This is a series of autobiographical vignettes inspired by Dear Wendy’s series of the same name. The idea is loosely based on Amy Krouse Rosenthal’s Encyclopedia of an Ordinary Life.
All of my stories can be found here.
In one of my earliest memories my dad picks me up off the ground and throws me over his head. He is wearing a matching red Adidas track suit with black stripes down the side. It is the early eighties and this outfit is worn without a lick of irony. There are many Adidas track suits in my memories, actually. Also baggy mesh shorts, and soft heather grey muscle-shirts sporting XXL across the front. There are practice jerseys and logo’d sweatpants from just about every team my dad every played for.
Our garage contains an array of fitness implements — an incline ab-board made of shiny red leather, a pull up bar I enjoy hanging from and a bench press that is fun to lay on.
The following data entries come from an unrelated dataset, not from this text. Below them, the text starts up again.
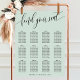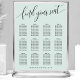 Bienvenue à vos invités avec cet élégant tableau de sièges mariage vert menthe pastel. Doté d'un design minimaliste et d'un script moderne qui dit trouver votre siège, ce tableau de sièges est parfait pour un mariage élégant et sophistiqué. Les couleurs douces et la disposition soignée confèrent à vos hôtes un aspect raffiné et organisé, leur permettant de trouver facilement leur place. Customisez avec vos noms et vos arrangements de table pour créer un ajout unique et cohérent à votre décor mariage. Ce tableau de sièges peut accueillir jusqu'à 12 tables, ce qui en fait l'endroit idéal pour une célébration bien planifiée et élégante.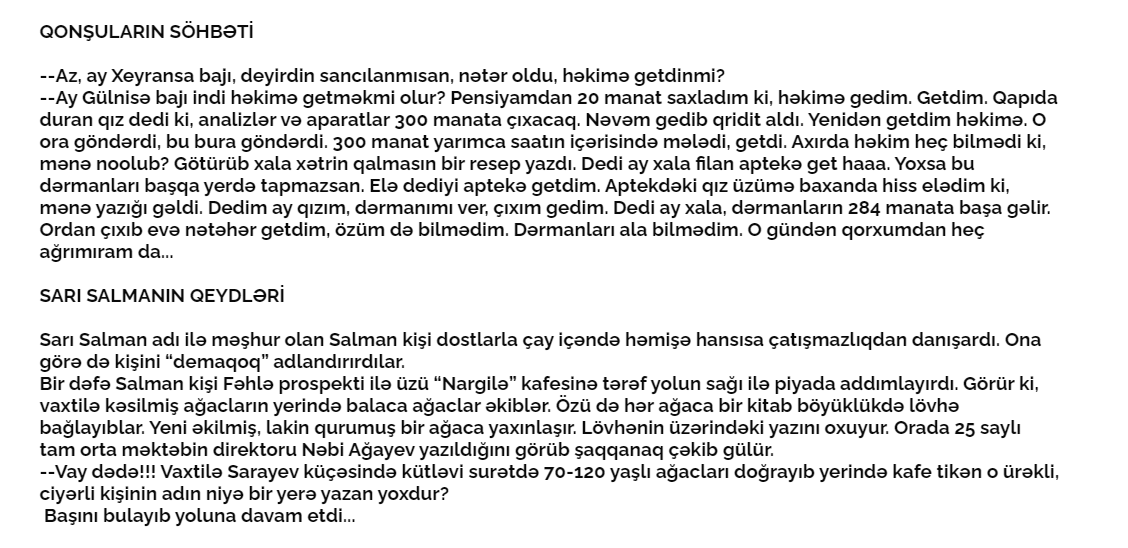 --Ay Gülnisə bajı indi həkimə getməkmi olur? Pensiyamdan 20 manat saxladım ki, həkimə gedim. Getdim. Qapıda duran qız dedi ki, analizlər və aparatlar 300 manata çıxacaq. Nəvəm gedib qridit aldı. Yenidən getdim həkimə. O ora göndərdi, bu bura göndərdi. 300 manat yarımca saatın içərisində mələdi, getdi. Axırda həkim heç bilmədi ki, mənə noolub? Götürüb xala xətrin qalmasın bir resep yazdı. Dedi ay xala filan aptekə get haaa. Yoxsa bu dərmanları başqa yerdə tapmazsan. Elə dediyi aptekə getdim. Aptekdəki qız üzümə baxanda hiss elədim ki, mənə yazığı gəldi. Dedim ay qızım, dərmanımı ver, çıxım gedim. Dedi ay xala, dərmanların 284 manata başa gəlir. Ordan çıxıb evə nətəhər getdim, özüm də bilmədim. Dərmanları ala bilmədim. O gündən qorxumdan heç ağrımıram da...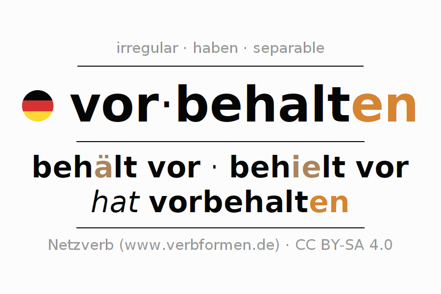The verb vorbehalten fully conjugated in all persons and numbers in the Imperfect Indicative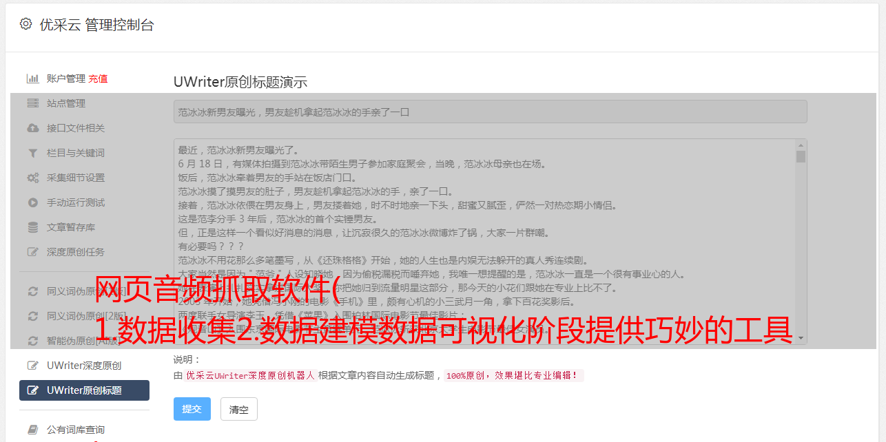 优采云 发布时间: 2021-10-12 13:15网页音频抓取软件(

A worn looking speed bag by his work bench has surely seen better days, but so have the hands that inflicted all that damage. There is an inversion table, and another medieval looking contraption in the middle of the room where one must wear gravity boots to hang upside down. All at once they are the tools of the trade and the side effects of his 7 year NFL career. As I child I assume this is how everyone’s garage looks: one part home gym, one part work bench, one part archive of a suburban life packed neatly in matching boxes.
I am about 9 when my dancing begins to evolve into a more competitive outlet, rather than a social hobby. Since our rehearsals become more intense, my dad rearranges his equipment in the garage to assure I have a space of my own. My hot pink stereo plugged in at the tool bench, I am free to tap and twirl at all hours of the day. We spend hours together perfecting my craft, and while he is well qualified for the coaching job, I hardly believe this is how he envisioned using his years of hard won competitive experience.
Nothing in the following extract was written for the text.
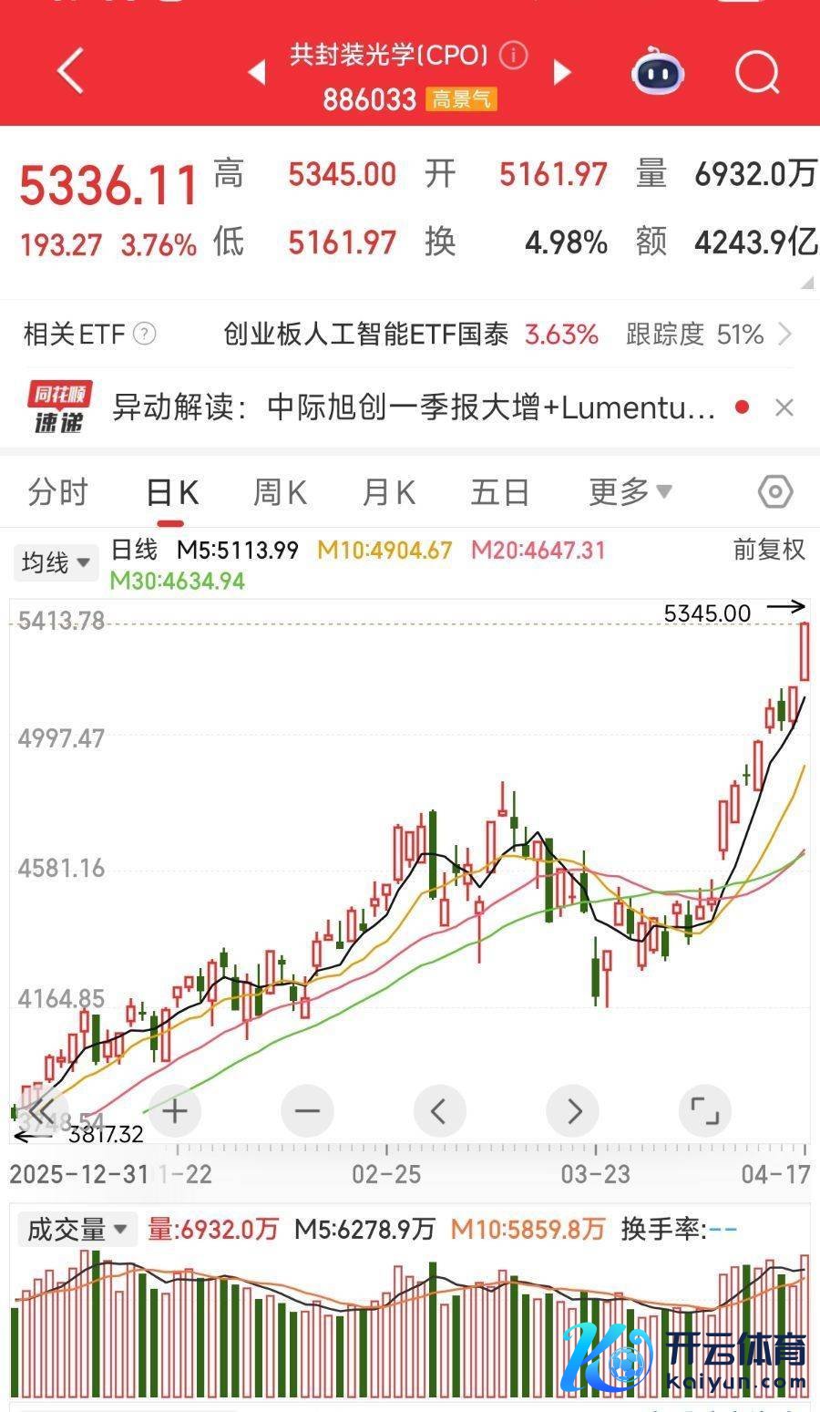 4月17日,CPO成见板块高开高走,剑桥科技、光迅科技等多股涨停,股价刷新历史新高。当日最受珍藏的,还当属股价高出茅台,成为A股新晋“股王”的源杰科技。一时候,“要站在‘光’里,不要光站在那边”的股吧“金句”再度刷屏。

You would never know considering the time he dedicates to my dancing. There is at least a five year window where he spends each Super Bowl Sunday driving my family up to a dance competition in a Sacramento Hotel that will be one block away from the building where I nail an interview and get my first real job 15 years later. Rather than join the other dads who are off at the hotel bar cheering on their teams, he stands in a banquet room cheering on Team Holly hoping all the while that I employ the breathing techniques he learned while playing in the playoffs. He promised they would work when my nerves would try and take over.
Back at home his disciplined athleticism shows up while I rehearse. When I have trouble nailing a certain routine, he teaches me how to close my eyes and visualize. When he tucks me in at night we sit together and meditate as I see myself executing perfectly it in my mind. I will use this technique again and again to comfort myself in my adult life when the anxiety of something impending keeps me up at night. “If you can see it, you can be it.” When I confess that I am nervous about an upcoming performance, he tells me over and over, “What the mind can conceive and you can believe, you can achieve.” And I am certain he is one of the most brilliant men I know to dream up a philosophy that rhymes.
Of course when I lose my focus, he is right there to call me on that too. When I am half-assing it, he asks me if that is how I would do it if I were in front of a table of judges. Would that performance win a 1st Place Rosette? Or do I have something better inside that I’m holding back? Being the smart-mouth that I am I tell him that I don’t need his opinion. “I KNOW dance, dad. You know football. The two are very different, obviously.” I am annoyed with his hard nosed approach in these moments and I tell him I no longer need his help.
“Always be coachable, Holly or you open yourself up to getting beat. If you already know everything, you don’t have anywhere to go. Appreciate feedback in all of its forms. Show me someone who is defensive and I’ll show you someone I can beat. The person who is always willing to learn how they can be better, always has a chance to be the best.”
I’m sure I sighed and walked away rolling my eyes at the time, but 20 years later what I would give to have just one more piece of that advice.